A compiler is a program which reads instructions in the form of computer language written by a person and translates them into the machine code that a computer uses to execute. The computer language has a complex grammatical structure which must be parsed in order to construct the correct execution sequences and references. A special subprogram of the compiler performs this task. This is basically the first part of the compilers work, and this component of the compiler is called the parser. The parser has a set of language rules which it uses to decode the grammatical constructs that the programmer has written. The programmer and the parser both have to know the same rules. This makes the parser a very complex program. Actually too complex for anyone to write. In particular it is very hard to make changes to the parser if we want to change the language rules. So instead, we use another program, the parser generator, to write the parser.
Parser generators come in different flavours. This is because after the language is parsed we still have to do something with the parsed instructions. There are two choices. For a compiler, we generate the machine code instructions which our particular computer needs in order to execute the program. Alternatively we can execute the instructions as we parse them, in accordance with the input data. This is becoming a commonly used technique and such a program is called an interpreror. Writing compilers requires detailed knowledge of machine langue and is a highly speciased job done only within computer manufacturing companies these days. However interpretors can use other compiler languages or other interpreted languages to perform their instructions.
In this course we write a parser generator in the Tcl language. Compiler/parser generators exist written in C and C++ on virtually every hardware platform. The standard program used today is called Bison, another copmmonly used is Lemon. But for those who do not want to maintain a C/C++ development environment, but still want to play around with syntax and parsing, either from a teaching or an experimental viewpoint a Tcl parser generator is a useful program. As such it will only ever be a toy. When an industrial strength parser is required recourse must be made to Bison or Lemon . These programs are open source and available from GNU.
A parser generator is a complex program computationally. Indeed it is one of the more testing computational tasks, so this is not a trivial exercise. In order to cut the task into small manageable pieces we take the same approach as the early writers of compiler compilers. This is a bootstrap approach which assumes we may have to write the language in assembly code. Fortunately we dont have to do this. The process is split into two stages, following the early work of McKeeman, Horning and Wortman , "A Compiler Generator" (Prentice Hall 1970), probably long since out of print. In this model the syntax analyser reads the syntax rules and produces a table. The compiler consists of a scanner which uses the table to check the syntax of the program, together with an attached list of instructions saying what to do when each syntax element has been completely recognised. This can be a collection of user supplied procedures. In this model the syntax rules are seperated from the semantic rules which say how the syntax structure is to be interpreted.

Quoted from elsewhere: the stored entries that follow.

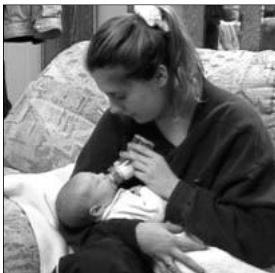
Home-visiting programs provide parents with critical information about feeding, bathing, communication and play.

The Harris ITV Seminars make ample use of videotapes of parent-infant interactions as a springboard for discussion and to illustrate ways that professionals can enhance their use of videotaping techniques. In one case presented at the seminar, a home visitor used the videotape to help a mother who was somewhat detached, observe how her child was attempting to connect with her in many positive ways. Within weeks of this session, the mother was more engaged and spending more time with her child.
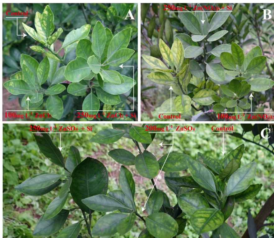
Fig. 2. Recovery of zinc (Zn)-deficient leaves after spraying with various Zn fertilizers. Zn-deficient leaves of 6-year-old ‘Fengwan’ navel orange autumn twigs sprayed with (A) water (control), 100 mg·L -1 of Zn from ZnCl 2 , and 250 mg·L -1 of Zn from ZnCl 2 with 0.025% organosilicone (Si), (B) 100 mg·L -1 of Zn from Zn(NO 3 ) 2 ·6H 2 O and 250 mg·L -1 of Zn from Zn(NO 3 ) 2 ·6H 2 O with 0.025% of Si, and (C) 200 mg·L -1 of Zn from ZnSO 4 ·7H 2 O and 250 mg·L -1 of Zn from ZnSO 4 ·7H 2 O with 0.025% of Si for 60 d. Similar results were determined in Midnight Valencia orange (data not shown).

It is well known that Zn deficiency lowers chlorophyll levels and photosynthetic activity of plants (Cakmak, 2000; Chen et al., 2008; Fu et al., 2014; Hu and Sparks, 1991). In this study, the similar result was found in untreated Zn-deficient leaves (Table 4). This is possible because Zn deficiency resulted in deformation of chloroplast structure and limitation of photosynthetic enzymes, such as carbonic anhydrase, fructose-1,6-bisphosphase, and ribulose 1,5-bisphosphate carboxylase/oxygenase (Chen et al., 2008; Sasaki et al., 1998). In addition, Zn deficiency could also decrease the intercellular CO 2 concentration and g s , resulting in reduction of photosynthesis (Sharma et al., 1995). Application of the three Zn fertilizers on Zn-deficient leaves significantly increased their chlorophyll levels and photosynthetic activities, especially when organosilicone was supplemented. Moreover, better recovery of green and higher chlorophyll levels and photosynthetic activities were observed on ZnCl 2 - and Zn(NO 3 ) 2 ·6H 2 O-treated leaves,
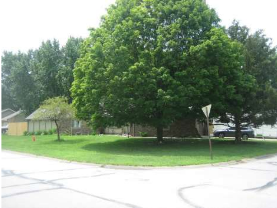
Subject property looking southwest.
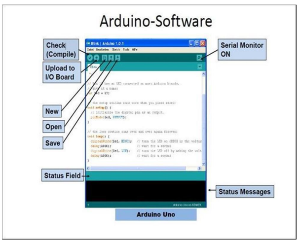
Fig 6.1: Arduino Software
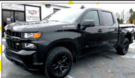
2019 Chevy Silverado Custom Crew U5821, 28L Miles
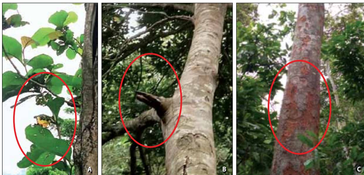
Figure 3. Types of damage: A – damaged foliage on teak trees ( Tectona grandis ); B – broken branch on jengkol trees ( Achidendron pauciflorum ); C – open wounds on petai trees ( Parkia speciosa )

leaves, which are no longer green, turn yellow, fall off and also have holes due to pests (Safe'i et al. 2021).
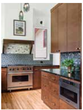
Gold Award – Kitchen

Plekkenpol Builders wins GOLD in two categories!
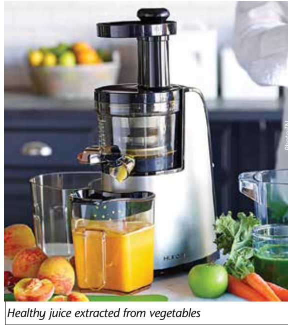
Healthy juice extracted from vegetables

While blending is putting all the fiber and proteins from the
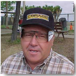
ATA TRAP

The C.G.S.T.A. Southern Zone Shoot was held June 7 th and 8 th at the Club. This is where shooters earn a spot on the Southern Zone team to compete with the Central and Northern Teams at the State Shoot later this month in Kingsburg, CA.
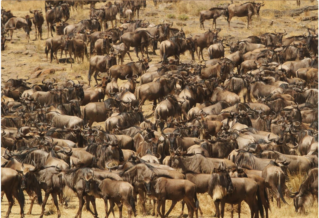
Thousands of Wildebeest cross the Mara River, where it pays to be cautious.
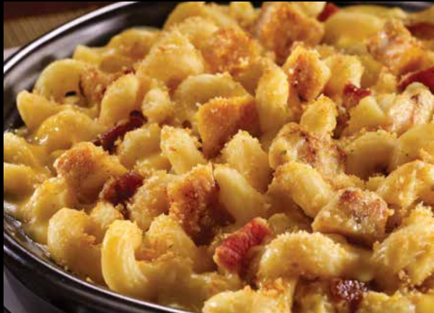
The Ultimate Mac & Cheese
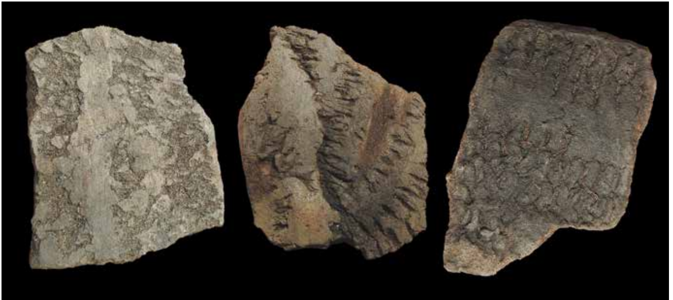
Prior to 1600, the Mocama favored San Pedro pottery, three examples of which are seen here.

culture and burial practices of Grand Shell Ring, these sites resemble settlements found in southeast Georgia that were also occupied after 1250. This leads Ashley to surmise that small groups of people, possibly from Georgia, were moving around Big Talbot, and they could have established Sarabay.

Because the scanner is written in Tcl, we can easily supply Tcl action and integrate them into the scanner. This means that we cann create a computer language with an interpreter. Note that Tcl itself is not an example of such a languange. Tcl is so simple it does not use the analyser/scanner and does not need a parser. Tcl has only about 11 simple rules to its language. But we can use Tcl to build sophisticated computer languages.
Later we can look at defining a combined syntax and semantics definition language, but of course we need a compiler generator to do that, which we dont have yet. However Tcl provides some bascis to get started.
The first stage is to write the syntax analyser. Syntax is described by listing the rules of the syntax. There is a set of character sequences called terminals. These are the atoms of the language, and are what is seen on the written page. The structure of the language is described by assigning allowable groupings of terminals a more general name describing the grammatical import of the sequences of terminals. These more general names are called non-terminals. A rule is a sequence of terminals and non-terminals which represent an occurence of a general type of structure with its own non-terminal name. In a format historically used called BNF (Backus-Naur Form) the non-terminal is written on the left followed by the symbol ::= ( chosen so that it would not conflict with other combinations of special characters which might need to be used in a grammar ), followed by the sequence of terminals and non-terminals which are a permissable rule. Non-terminals are enclosed in chevrons <>, and often terminals are represented in bold case. The illustration above gives examples of two rules in this format. The +, the letter sequences "if" and "then" are terminals in this example of a language. You can have several rules describing one particular non-terminal, and a non-terminal can be an object of its own rule.
These are quite free rules and unfortunately are so free as to cause quite a few problems and ambiguities. The syntax analyser reports on these problems and the author of the language grammar strives to correct them and write an unambiguous grammar. Writing a language grammar is a special discipline and is quite unlike computer programming.
Although this project produces a general tool, we will follow through the project with a particular application. We have writte procedures for doing big-num arithmetic and may have employed these in a big-num integer calculator. But these procedures are not ready to use in a Tcl program itself, so here we provide a procedure similar to the Tcl [expr] command that accepts mathematical expressions that use big-num integers.
We trace the project through the stages in the diagram above.
First the syntax rules, then the syntax analyser,
then the syntax analyser which produces a specific syntax table for our integer expression
We look at the semantic rules
Then create the scanner that reads any integer expression and uses the syntax table and the semantic rules to output the proper result.